In S. S. Rajamouli's period fiction film RRR protest for his arrest at Calcutta (only name mentioned) in Ram Charan introduction with 1000 people, historically, Lalaji was arrested on 3 December 1921 in Lahore for his activities related to the non-cooperation movement and was imprisoned for a year and a half.

==Works==
Along with founding Arya Gazette as its editor, he regularly contributed to several major Hindi, Punjabi, English and Urdu newspapers and magazines. He also authored the following published books. He also wrote biographies of Mazzini, Garibaldi, Shivaji and Shri Krishna.
- The Story of My Deportation, 1908.
- Arya Samaj, 1915.
- The United States of America: A Hindu’s Impression, 1916.

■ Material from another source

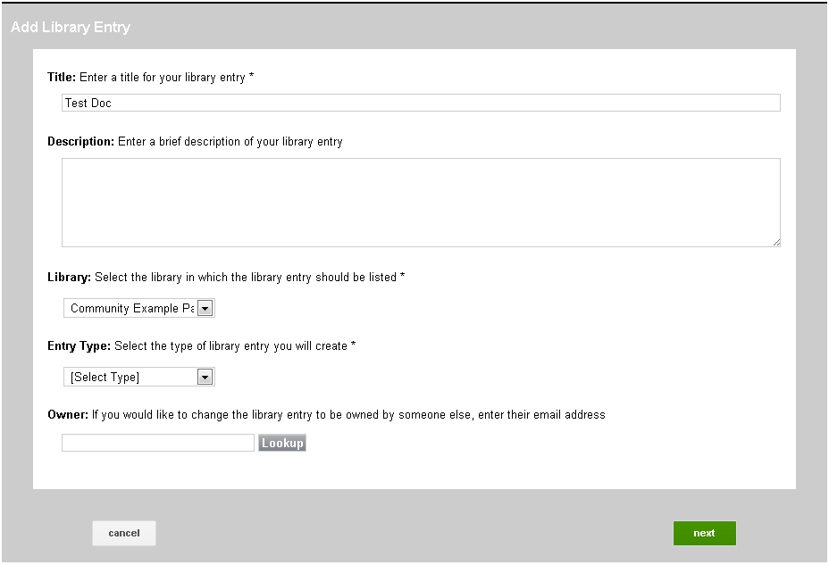 document button you will open the Add Library Entry screen. Selecting the Entry Type will allow you to upload document files, hyperlinks to website, Youtube videos, and webinars.

- The Problem of National Education in India: Lajpat Rai, published by Allen & Unwin in England, 1920
- Unhappy India, 1928.
- England's Debt to India, 1917.
- Autobiographical Writings
- Young India: An Interpretation and a History of the Nationalist Movement from Within. New York: B.W. Huebsch, 1916. (Note: The book was written and published shortly after the First World War broke out in Europe. Rai was travelling in the United States at the time of Franz Ferdinand's assassination. In the book, Rai claimed that the Indian people were ready to stand behind the Allied war effort against Imperial Germany. Some historians have claimed that since Rai was trying to cultivate support amongst the American public for Indian independence, he could not risk saying anything which would make India look bad in front of the United States, which included claiming that India was unwilling to fight against Germany (many Americans held mixed-opinions on the war, but significant numbers held anti-German sentiments and so support American participation in the Allied war effort against Germany). Rai also emphasised in the book that India would not undertake violent actions in her campaign for independence from the British Empire. In Young India, Rai drew parallels between the American Revolution and the Indian independence movement. Rai used the book to convey to a Western audience his vision of an independent India after colonial rule, expressing his desire for complete Indian sovereignty from all foreign entanglements. He was well aware the United States was the most suitable ally of the Indian independence movement, and sought to challenge American stereotypes of Indians via writing a concise history of India to dispel them. These stereotypes included the common perception in the West that India was not yet ready for self rule, which Rai sought to challenge via highlighting the efficiency of Indian civil servants.)
- The Collected Works of Lala Lajpat Rai, Volume 1 to Volume 15, edited by B.R. Nanda.
- Young India, Lajpat Rai, The Seven Arts, Oct 1917
- The Political Future of India: Lala Lajpat Rai, published by B.W. Huebsch.
- An Open Letter to David Lloyd: Lajpat Rai.
- Reflections on Political Situation in India: Lajpat Rai.